Rights group asks DR Congo to free youth activists

    Rights group asks DR Congo to free youth activists

    March 15, Kinshasa: Congolese authorities should immediately and unconditionally release two activists who were arrested one year ago during a pro-democracy youth workshop in the Democratic Republic of Congo. Fred Bauma and Yves Makwambala face trumped-up charges in an apparently politically motivated drive to silence dissent. On March 16, 2016, the Supreme Court of Justice is expected to issue a decision on whether to grant the two provisional release.

    The arrest of the two activists was part of a growing government crackdown on those speaking out against efforts to extend President Joseph Kabila’s stay in power beyond the end of his constitutionally mandated two-term limit, which ends on December 19.

    “The continued detention of Fred Bauma and Yves Makwambala a year after their arrest is a stark reminder of the Congolese authorities’ willingness to silence peaceful protest,” said Ida Sawyer, senior Africa researcher at Human Rights Watch. “The authorities should immediately drop the baseless charges and release Bauma, Makwambala, and other activists and politicians held solely for peacefully expressing their political views.”

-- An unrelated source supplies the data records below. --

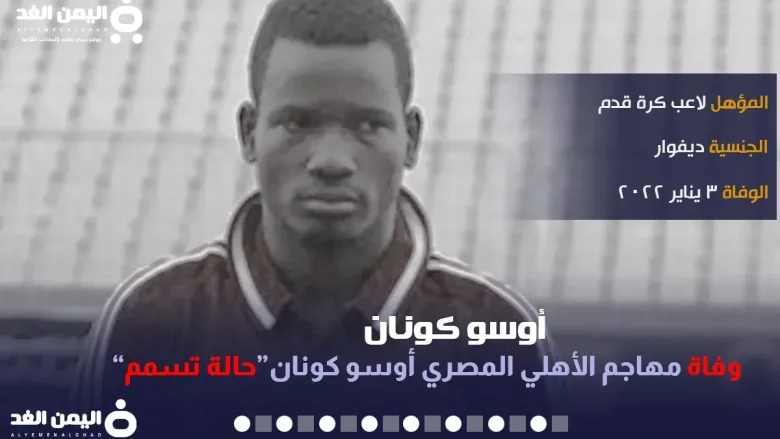 سبب وفاة أوسو كونان مقتل مهاجم الأهلي والمقاصات من هو Oussou Konan والذي توفى إثر تعرضه لتسمم وتوفى على إثر التسمم , ومن خلال المقال سوف نتعرف على بعض المعلومات التي تم التبين منها خلال الساعات الماضية إلى هذه اللحظة عبر اليمن الغد تابعونا.
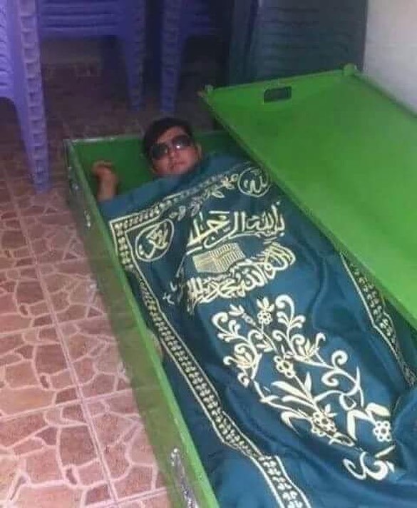 Fotoğrafta yeşil bir tabutun üzerinde yatmış bir adam görülüyor. Tabutun üzerine sarılı yeşil bir bezde Arapça yazılar var. Adamın...
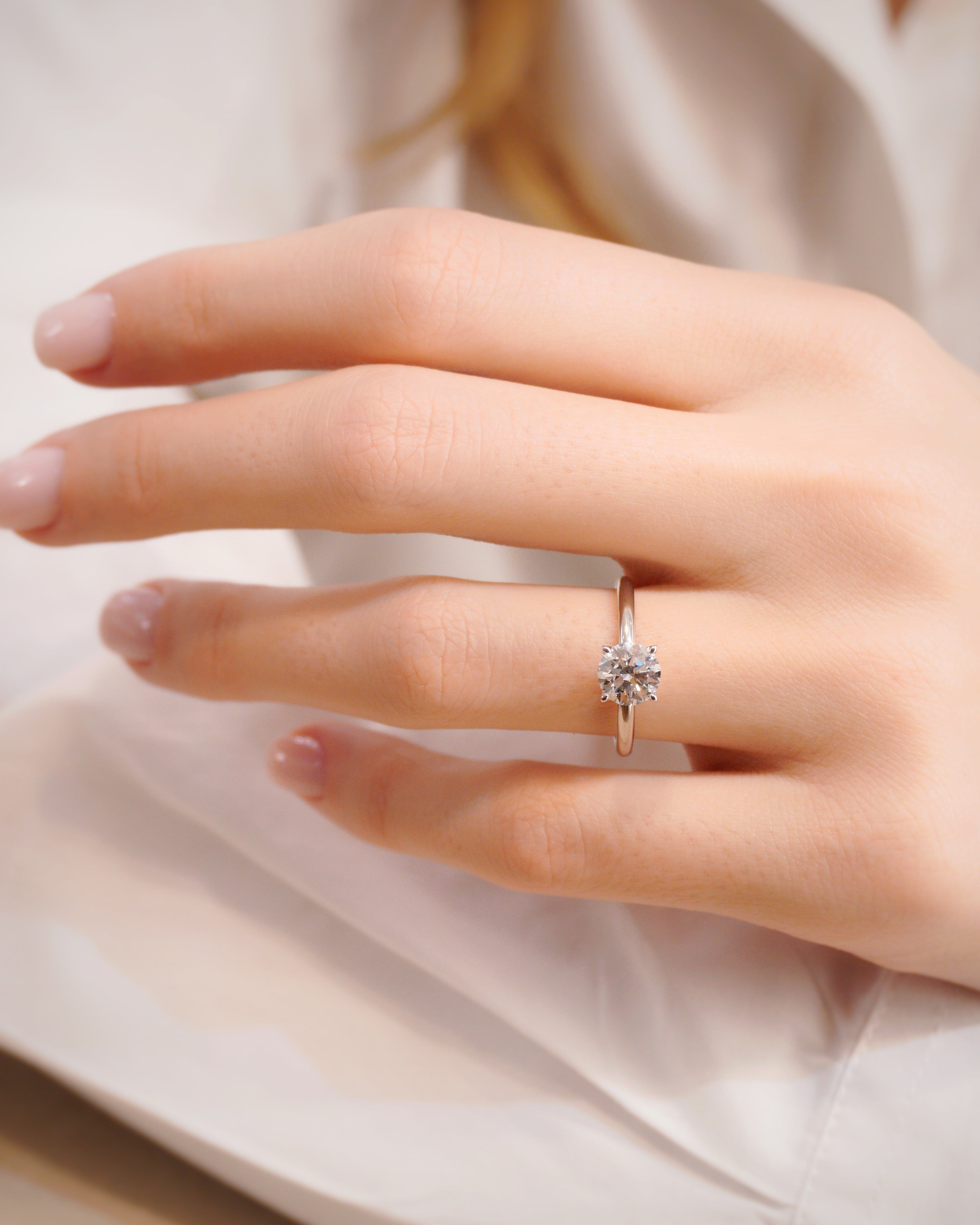 The Ria Engagement Ring showcases a 1.00 carat round diamond held in four refined prongs, letting the stone take centre stage with effortless brilliance. Its simple, polished silhouette embodies everything a classic ring should be: timeless, graceful, and endlessly wearable. Ria is the definition of enduring beauty.
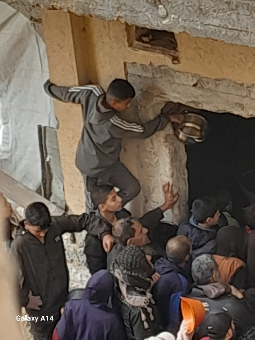 In Khan Yunis, Palestinian Territory, a crowd of individuals is gathered within what appears to be a partially damaged or makeshift interior space. A young male, wearing a grey tracksuit with white st…read more
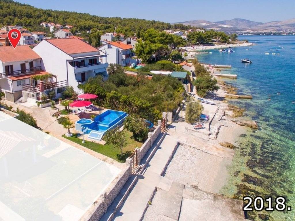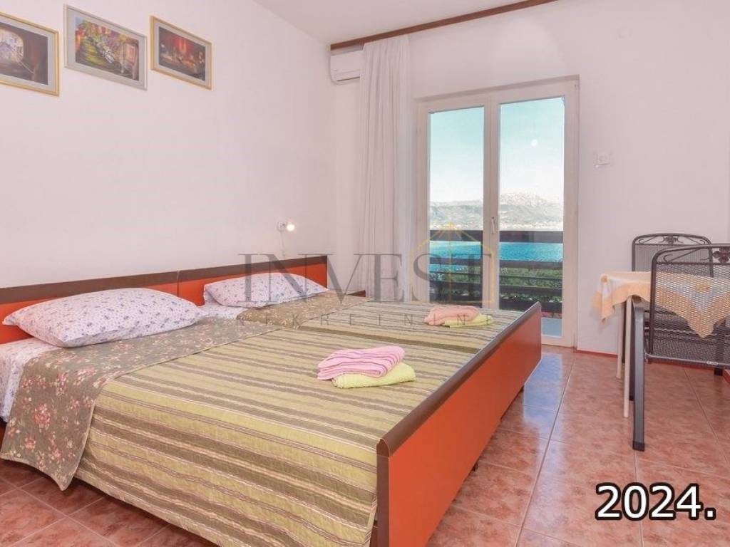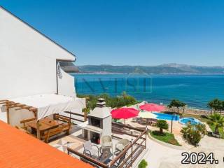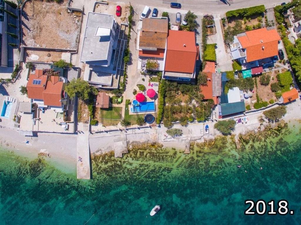 A unique opportunity to buy a house in Slatine on the island of Čiovo, with direct access to the pebble beach directly from the spacious yard. The house is spread over a plot of 800 m, with 260 m of living space, including spacious terraces, five bedrooms and one suite. There are a total of 12 beds, an additional 6 in the apartment, four bathrooms, two kitchens and a dining room for 12 people.
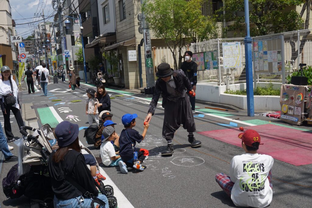 二子玉川商店街では、商店街通りを舞台に阿波踊りが練り歩き、大道芸でにぎわいます。
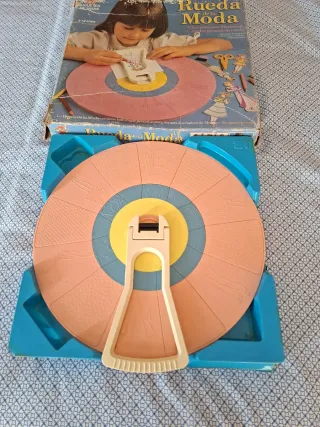 Juego Rueda de la Moda de los años 80, ideal para niñas de 6 a 12 años. Permite crear diseños de moda girando la rueda. - Incluye la rueda principal con diferentes secciones de diseño. - Contiene piezas para crear modelos de ropa. - Caja original con ilustraciones de la época.

    Congo’s National Intelligence Agency (Agence Nationale de Renseignements, ANR), arrested Bauma and Makwambala on March 15, 2015, with at least two dozen others, including Senegalese and Burkinabe activists, a United States diplomat, foreign and Congolese journalists, and Congolese activists, musicians, artists, and logisticians. They were attending a workshop in Kinshasa to introduce Filimbi, a platform to encourage Congolese youth to peacefully and responsibly perform their civic duties. In the following days, the intelligence services also arrested another Filimbi activist and others associated with Filimbi, including a graphic artist who designed the Filimbi logo and Rawbank employees who managed the Filimbi bank account.

    During a news conference on March 18, 2015, Communications Minister Lambert Mende said that the Filimbi leaders were planning “terrorist activities” and a “violent insurrection.” He provided no evidence to back up the allegations.

    While the others were eventually released, Bauma and Makwambala were illegally held at an intelligence agency detention facility for 50 and 40 days, respectively, without charge and without access to their families and lawyers. They were then transferred to Kinshasa’s central prison, where they remain. Bauma is a member of the pro-democracy youth movement Struggle for Change (Lutte pour le Changement, LUCHA) from the eastern city of Goma, while Makwambala is a web expert from Kinshasa who helped design the Filimbi website.

    On June 3, Bauma, Makwambala, and four other Filimbi leaders who had fled Kinshasa to escape arrest, were charged with belonging to an association formed for the purpose of attacking people and property, plotting a conspiracy against the head of state, and attempting to either destroy or change the constitutional regime or incite violence against state authority. Bauma was also charged with disturbing the peace, and Makwambala with publicly offending the head of state.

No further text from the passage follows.